Question 19: A metal wire has mass (0.4 \pm 0.002)\,\mathrm{g}, radius (0.3 \pm 0.001)\,\mathrm{mm} and length (5 \pm 0.02)\,\mathrm{cm}. The maximum possible percentage error in the measurement of density will nearly be:
(1) 1.6\%
(2) 1.4\%
(3) 1.2\%
(4) 1.3\%
Answer: Option (1)
Explanation:
Density of a wire is given by
\rho=\frac{m}{\pi r^{2}l}The maximum fractional error in density is equal to the sum of fractional errors of all measured quantities, with powers taken into account.

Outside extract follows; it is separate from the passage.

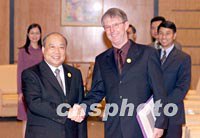 圖:石廣生會(huì)見新西蘭貿(mào)易談判部長 2001年10月16日 16:36 ![]() 中國對外經(jīng)濟(jì)貿(mào)易合作部長石廣生(左)十六日在上海國際會(huì)議中心會(huì)見前來參加亞太經(jīng)合組織(APEC)會(huì)議的新西蘭貿(mào)易談判部長吉姆·薩頓。中新社記者 毛建軍 攝 |
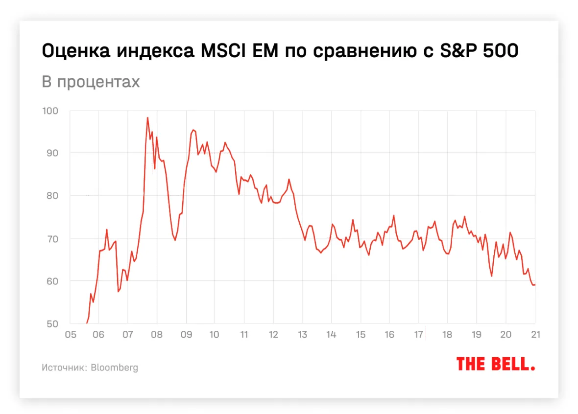 В 2022 году развивающиеся страны должны показать опережающую по сравнению с развитыми странами динамику — это консенсус аналитиков Goldman Sachs, Morgan Stanley и JPMorgan, пишет Bloomberg. В 2021 году развивающиеся рынки значительно отстали, прежде всего из-за Китая (подробнее об этом — здесь). В результате развивающиеся рынки торгуются с наибольшим дисконтом к развитым с 2001 года.

\frac{\Delta \rho}{\rho}=\frac{\Delta m}{m}+2\frac{\Delta r}{r}+\frac{\Delta l}{l}Fractional error in mass is
\frac{\Delta m}{m}=\frac{0.002}{0.4}=0.005Fractional error in radius is
\frac{\Delta r}{r}=\frac{0.001}{0.3}\approx0.00333Fractional error in length is
\frac{\Delta l}{l}=\frac{0.02}{5}=0.004Substituting these values,
\frac{\Delta \rho}{\rho}=0.005+2(0.00333)+0.004 \frac{\Delta \rho}{\rho}=0.01566Percentage error in density is
0.01566\times100\approx1.6\%Hence, the maximum possible percentage error in the measurement of density is nearly 1.6\%.